(Beginning of Information provided)

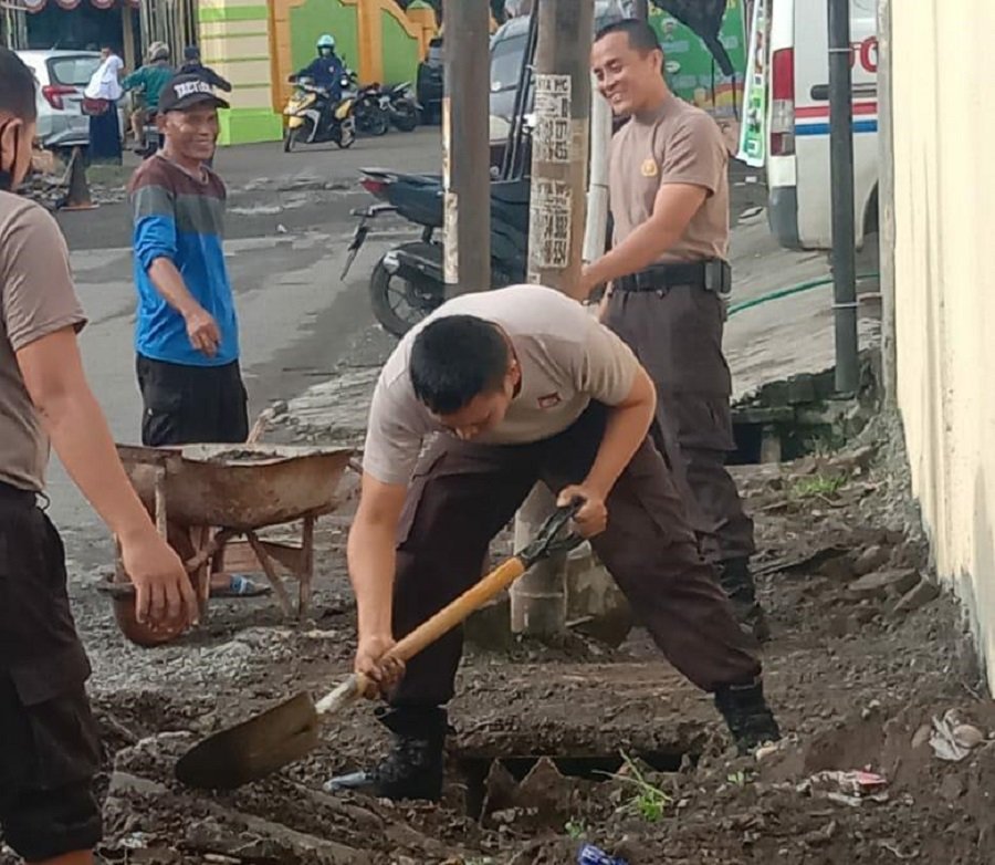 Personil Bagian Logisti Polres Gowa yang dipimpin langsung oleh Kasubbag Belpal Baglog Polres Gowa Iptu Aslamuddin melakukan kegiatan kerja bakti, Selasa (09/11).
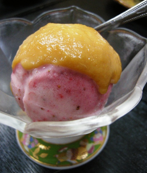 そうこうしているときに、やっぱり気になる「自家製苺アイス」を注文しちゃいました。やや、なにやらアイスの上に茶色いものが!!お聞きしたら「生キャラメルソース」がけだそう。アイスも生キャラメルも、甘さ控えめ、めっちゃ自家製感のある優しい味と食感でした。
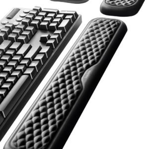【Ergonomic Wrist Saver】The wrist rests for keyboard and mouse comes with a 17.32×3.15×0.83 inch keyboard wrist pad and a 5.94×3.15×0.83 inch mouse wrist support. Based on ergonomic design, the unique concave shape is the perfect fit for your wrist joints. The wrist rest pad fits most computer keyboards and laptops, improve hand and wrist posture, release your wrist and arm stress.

(End of Information provided)
(Beginning of Information provided)

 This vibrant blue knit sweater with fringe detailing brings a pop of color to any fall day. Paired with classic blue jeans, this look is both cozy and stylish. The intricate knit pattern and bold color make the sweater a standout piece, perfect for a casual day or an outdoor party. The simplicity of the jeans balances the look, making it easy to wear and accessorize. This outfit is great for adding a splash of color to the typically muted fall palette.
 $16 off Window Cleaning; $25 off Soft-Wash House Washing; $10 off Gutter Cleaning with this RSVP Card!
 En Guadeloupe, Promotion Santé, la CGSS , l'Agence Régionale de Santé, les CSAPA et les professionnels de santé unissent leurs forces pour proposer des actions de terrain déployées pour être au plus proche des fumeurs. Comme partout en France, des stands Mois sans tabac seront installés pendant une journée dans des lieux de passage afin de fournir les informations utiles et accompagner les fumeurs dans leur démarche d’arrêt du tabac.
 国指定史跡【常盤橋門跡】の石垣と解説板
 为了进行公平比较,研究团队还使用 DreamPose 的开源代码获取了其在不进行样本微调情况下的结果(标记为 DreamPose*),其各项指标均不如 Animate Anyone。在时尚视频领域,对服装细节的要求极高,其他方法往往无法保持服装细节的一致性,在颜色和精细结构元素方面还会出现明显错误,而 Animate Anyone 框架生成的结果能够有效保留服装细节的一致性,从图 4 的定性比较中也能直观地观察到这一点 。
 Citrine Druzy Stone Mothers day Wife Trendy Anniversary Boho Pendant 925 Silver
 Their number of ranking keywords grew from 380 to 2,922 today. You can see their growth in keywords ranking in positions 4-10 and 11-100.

(End of Information provided)
(Beginning of Information provided)

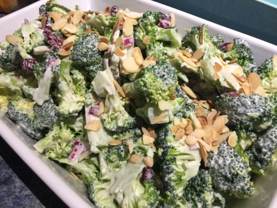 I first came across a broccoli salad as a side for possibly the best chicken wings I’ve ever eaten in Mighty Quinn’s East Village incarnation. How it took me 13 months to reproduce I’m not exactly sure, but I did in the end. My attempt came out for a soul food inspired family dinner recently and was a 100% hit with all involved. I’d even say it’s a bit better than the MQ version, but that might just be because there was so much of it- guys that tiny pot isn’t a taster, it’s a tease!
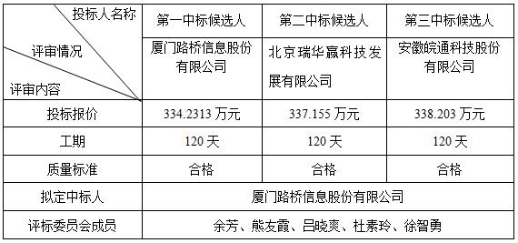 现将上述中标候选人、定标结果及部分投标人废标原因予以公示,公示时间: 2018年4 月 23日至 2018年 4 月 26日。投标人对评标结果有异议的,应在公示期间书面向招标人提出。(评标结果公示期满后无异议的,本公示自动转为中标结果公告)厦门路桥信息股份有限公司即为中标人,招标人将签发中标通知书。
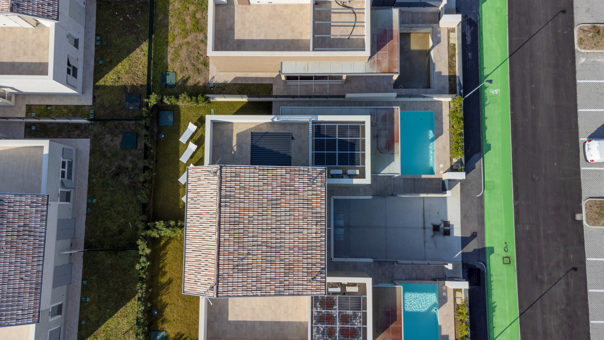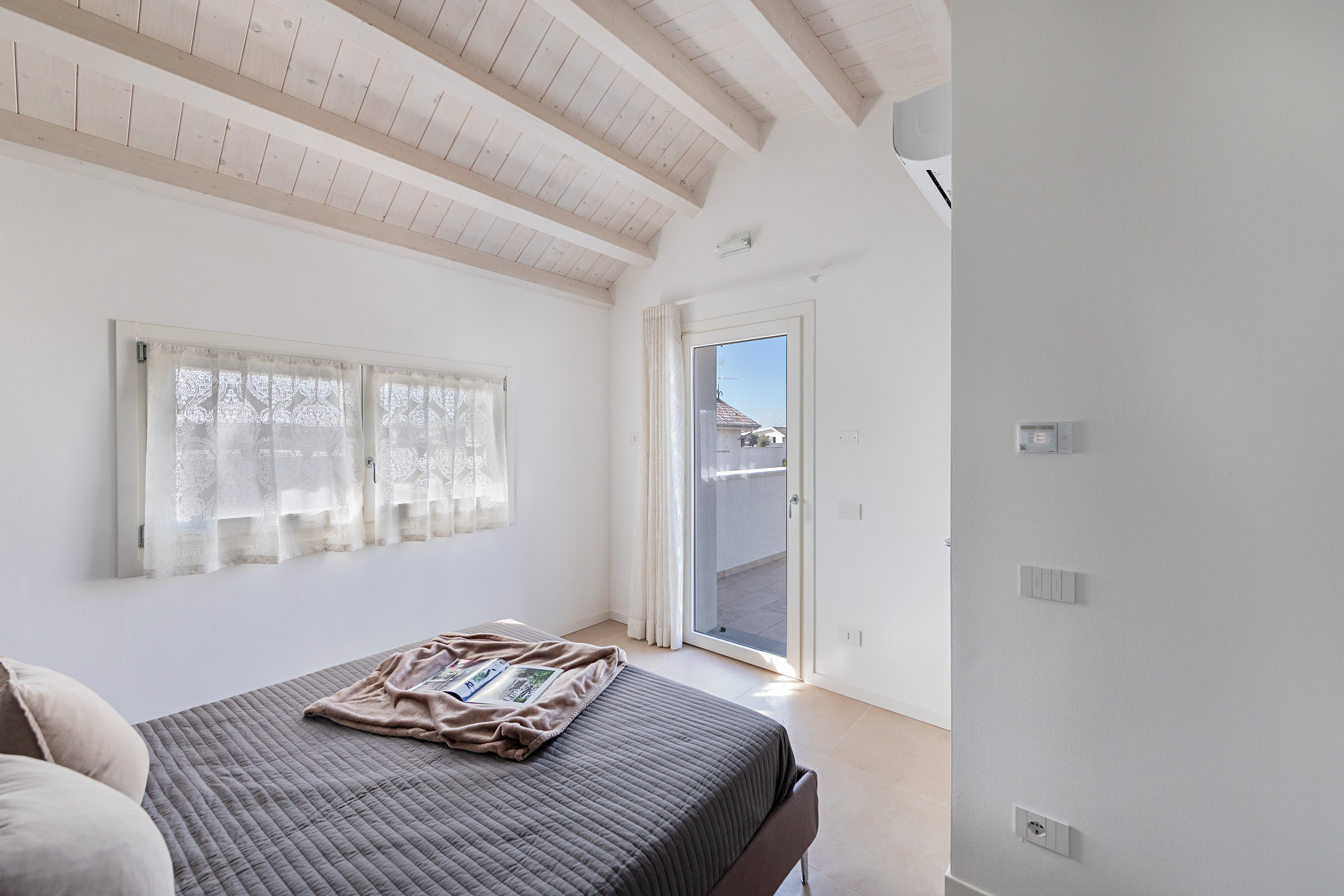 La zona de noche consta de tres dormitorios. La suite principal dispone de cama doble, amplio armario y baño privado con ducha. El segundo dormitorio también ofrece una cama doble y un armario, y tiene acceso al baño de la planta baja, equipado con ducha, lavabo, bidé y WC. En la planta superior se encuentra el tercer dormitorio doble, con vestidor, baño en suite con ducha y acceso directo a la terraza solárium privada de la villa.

(End of Information provided)

Problem statement – Wherever the string "this" appears in the records, copy the whole line.

Answer space –
 This vibrant blue knit sweater with fringe detailing brings a pop of color to any fall day. Paired with classic blue jeans, this look is both cozy and stylish. The intricate knit pattern and bold color make the sweater a standout piece, perfect for a casual day or an outdoor party. The simplicity of the jeans balances the look, making it easy to wear and accessorize. This outfit is great for adding a splash of color to the typically muted fall palette.
 $16 off Window Cleaning; $25 off Soft-Wash House Washing; $10 off Gutter Cleaning with this RSVP Card!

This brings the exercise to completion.